SemiReward: A General Reward Model for Semi-supervised Learning
Siyuan Li, Weiyang Jin, Zedong Wang, Fang Wu, Zicheng Liu, Cheng Tan, Stan Z. Li
TL;DR
This work tackles the core SSL problem of unreliable pseudo-labels and confirmation bias by introducing SemiReward, a general rewarder that outputs a calibrated score $r\in[0,1]$ to filter pseudo labels. The rewarder is trained online in a two-stage workflow with a lightweight generator to decouple student training from reward estimation, using a cosine-based label similarity $\mathcal{S}(y^u,y^l)$ as the target for $\mathcal{R}$. Empirically, SemiReward yields substantial accuracy gains and faster convergence across 13 SSL benchmarks spanning CV, NLP, and Audio, and it remains compatible with diverse SSL methods like Pseudo Label, FlexMatch, and Free/SoftMatch. This approach offers a practical, modular enhancement for SSL that improves label quality without large overhead, broadening applicability across tasks and modalities.
Abstract
Semi-supervised learning (SSL) has witnessed great progress with various improvements in the self-training framework with pseudo labeling.

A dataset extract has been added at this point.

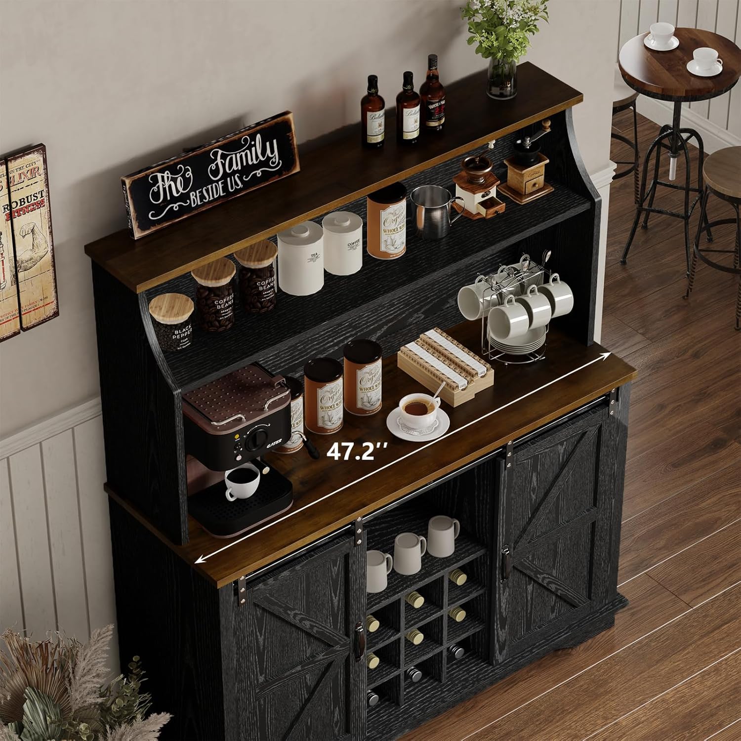 47 Inch Farmhouse Coffee Bar Cabinet with 3-Tier Storage, Kitchen Hutch with 9 Wine Racks & 3 Glass Holders, Coffee Bar with 6 Hooks, Wine Bar Cabinet for Dining Living Room, Black

The main challenge is how to distinguish high-quality pseudo labels against the confirmation bias. However, existing pseudo-label selection strategies are limited to pre-defined schemes or complex hand-crafted policies specially designed for classification, failing to achieve high-quality labels, fast convergence, and task versatility simultaneously. To these ends, we propose a Semi-supervised Reward framework (SemiReward) that predicts reward scores to evaluate and filter out high-quality pseudo labels, which is pluggable to mainstream SSL methods in wide task types and scenarios. To mitigate confirmation bias, SemiReward is trained online in two stages with a generator model and subsampling strategy. With classification and regression tasks on 13 standard SSL benchmarks across three modalities, extensive experiments verify that SemiReward achieves significant performance gains and faster convergence speeds upon Pseudo Label, FlexMatch, and Free/SoftMatch. Code and models are available at https://github.com/Westlake-AI/SemiReward.